Experimental results indicate that merging adapters from dissimilar domains (e.g., face recognition, galaxy classification, satellite imagery) incurs minor degradation (<2 percentage points in F1 or accuracy), whereas merging on similar domains can lead to destructive interference, especially with large-output-dimension adapters (e.g., facial landmark detection). As an empirical rule, merging is most effective when task domains have ≤10% visual overlap, and more than three merged adapters yields diminishing returns (Kesim et al., 2024).

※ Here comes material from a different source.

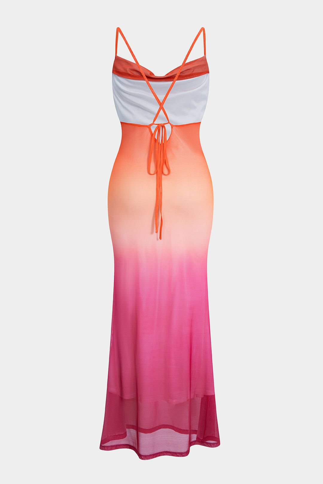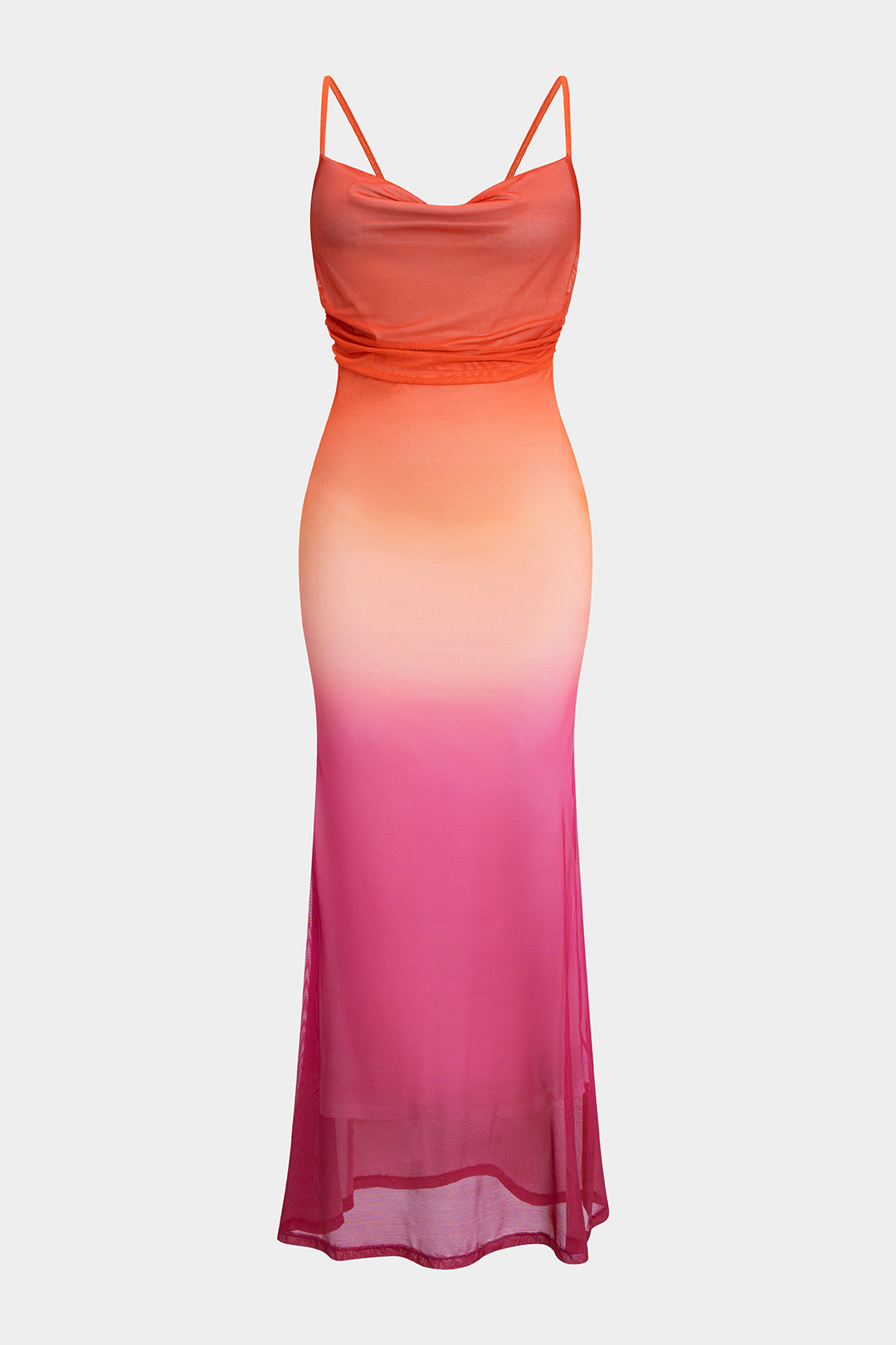 Ombre Print Mesh Ruched Tie Back Slip Maxi Dress

5. Multi-image Reasoning in Vision-LLMs
For large vision-LLMs (LVLMs), multi image finetuning supports complex input/output regimes where questions or instructions apply to collections of images. The MIA-DPO framework synthesizes multi-image instructions by augmenting single-image data with unrelated images, presented either as sequences, grid collages, or pic-in-pic arrangements (Liu et al., 2024). The model is then aligned via a Direct Preference Optimization (DPO) loss, using attention scores to automatically select “rejected” answers that disregard the correct target image—eliminating the need for manual annotation.
Adoption of MIA-DPO yields performance gains of 3.0 percentage points on LLaVA-v1.5 and 4.3 on InternLM-XC2.5 across five multi-image benchmarks, with negligible impact on single-image tasks. Attention-based sample selection is critical: it focuses the model’s cross-modal mappings on task-relevant image tokens, mitigating sequence-confusion and element-interference hallucinations (Liu et al., 2024).
6. Multi-instance learning and Masked Context Modelling
In multiple instance learning (MIL) for histopathology, multi image finetuning can be interpreted as fine-tuning the feature extractor (e.g., ResNet-18) to predict the representations of masked patches within a context window, given the unmasked neighbouring patch representations. This is achieved via Masked Context Modelling (MCM) and knowledge distillation from a strong teacher network (EfficientNetV2-L); the student is trained to reconstruct the teacher’s feature vectors for masked instances, using only a single epoch of fine-tuning (Pisula et al., 2024). This approach injects strong context-awareness into the student without requiring pixel-level reconstruction or extra supervision and consistently improves downstream MIL classification, often outperforming the teacher in AUROC.
7. Empirical Benchmarks and Observed Gains
The following table summarizes selected empirical results from recent studies illustrating the gains of multi image finetuning protocols over relevant baselines.
| Protocol/Paper | Main Setting | Metric / Gain | Notes |
|---|---|---|---|
| AMF (Shen et al., 2022) | Mixture image classification | +1.69% aircraft / +2.79% DTD (Top-1 acc) | Policy net adaptively fuses per-sample sub-models |
| Carve3D (Xie et al., 2023) | Multi-view diffusion finetune | 0.0606 MRC (best; lower better) | RLFT + NeRF metric, >68% user pref. 3D consistency |
| MureObjectStitch (Chen et al., 2024) | Multi-ref composition | Details preserved visually | Multi-reference cross-attn, no FID/LPIPS reported |
| Multi-LoRA (Kesim et al., 2024) | Multitask ViT | ≤2 pp F1 drop for merging dissimilar | More than 3 adapters, or similar domains, degrades |
| MIA-DPO (Liu et al., 2024) | Multi-image LVLM alignment | +3.0% (LLaVA), +4.3% (InternLM-XC2.5) | Fully automatic DPO data construction |
| MCM+KD MIL (Pisula et al., 2024) | MIL feature extractor | +0.1–0.12 AUROC gain (per task) | Student beats teacher with 1-epoch context modelling |
In summary, multi image finetuning frameworks leverage advanced assignment, fusion, multi-view conditioning, and context-sensitive representation learning to achieve robust adaptation in diverse, multimodal, or multi-task vision settings, often with significant gains in efficiency and downstream performance.